So, goes to show that taste is subjective. You might find that roasting is for you and you like what you produce and want to move on to the next level in terms of equipment and quality/grade of greens. Or you might find out that you completely suck at it - like in my case. Start low, see what's like and advance accordingly. Good luck from me too. 

Sent from my iPhone using Tapatalk


----------



## mctrials23 (May 8, 2017)

I think that we are going to see more and more small home roasters that are affordable and smart in the next few years. This should make the entry into roasting far easier and less technical than it has been in the past.

The story for a lot of the bigger roasters seems to be along the lines of "guy starts doing a bit of roasting at home, people like it, starts business and sells larger batches". Considering how quickly some people seem to go from home to business, I find it hard to believe that roasting to an acceptable standard is uber hard.


----------



## DavecUK (Aug 6, 2013)

mctrials23 said:


> I think that we are going to see more and more small home roasters that are affordable and smart in the next few years. This should make the entry into roasting far easier and less technical than it has been in the past.
> 
> The story for a lot of the bigger roasters seems to be along the lines of "guy starts doing a bit of roasting at home, people like it, starts business and sells larger batches". Considering how quickly some people seem to go from home to business, I find it hard to believe that roasting to an acceptable standard is uber hard.

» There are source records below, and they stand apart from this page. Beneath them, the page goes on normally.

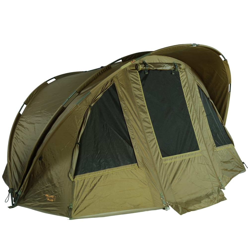 Přístřešek trubkové konstrukce, která se skládá ze tří žeber a o výztuhu se starají rozpěrné teleskopické tyče. Na tento bivak, byl použit vodě odolný materiál 5 000mm HH, té nejvyšší kvality, který je 100% nepromokavý a máme ho prověřený u řady našich úspěšných modelů. Páskou podlepené švy a ukotvení na zavrtávací kolíky, které jsou v ceně přístřešku. Bivak je vybaven větracím systémem jak v přední části, tak v zadní části najdete dvě obří ventilační okna, které zajistí maximální odvětrání. Velký přední kšilt nad vchodem, je navíc osazen dvěma praktickými úchyty na pruty. Přední vchodová část má tři výměnné panely na suchý zip, celo zakrytá, slída nebo moskytiéra. Další vychytávkou tohoto bivaku je, že v nepřízni počasí můžete ve vchodové části vytvořit okénko, díky použití dvojitých jezdců zipu. Součástí bivaku je přepravní nylonová taška.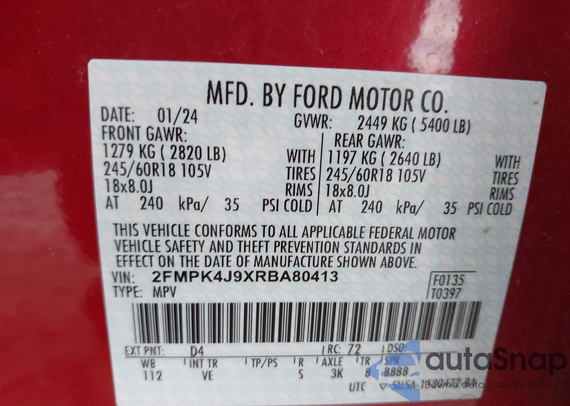 VIN: 2FMPK4J9XRBA80413
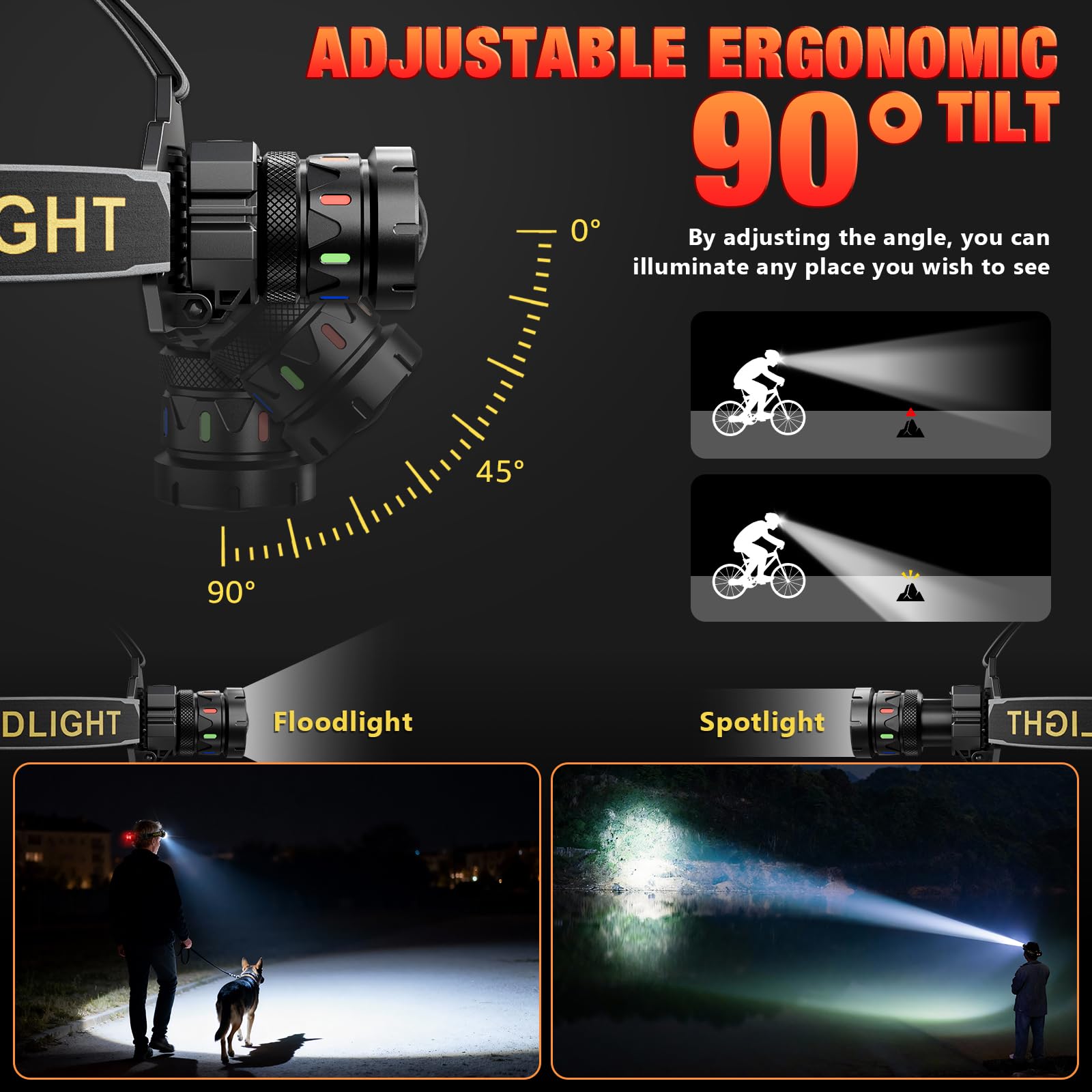 At £21.59 today, this Sefitopher sits in a price band where many head torches are basic and stripped back. Here you get 9 modes, a motion sensor, a battery level display, 12.5–18.5 hours runtime, an external battery pack function, Type-C phone charging, IP65 waterproofing, and a 90° adjustable focus headlight. That is a strong feature list for late-night carp sessions, winter dog walks, bank-side rigs, or setting up on a windy, wet estuary.

 Roasting to an acceptable standard is easy, matching the guys with many years of experience and significant investment in equipment is much harder. It can be done (not always for all coffees), but you can have it exactly as you want, rather than as they believe it should be. As good and better is always very subjective. One thing you can do is buy the best quality beans, sometimes very expensive online when roasted...or simply harder to get hold of.

Ultimately, it's just extending the interest into coffee for those that really want to get into it a little more and try things out with a bean that perhaps the big roasters have not tried. You don't generally save money...what you do get it the coffee, fresh, when you want it and you can have 3 or 4 coffees on the go.


----------



## Doram (Oct 12, 2012)

DavecUK said:


> You don't generally save money...what you do get it the coffee, fresh, when you want it and you can have 3 or 4 coffees on the go.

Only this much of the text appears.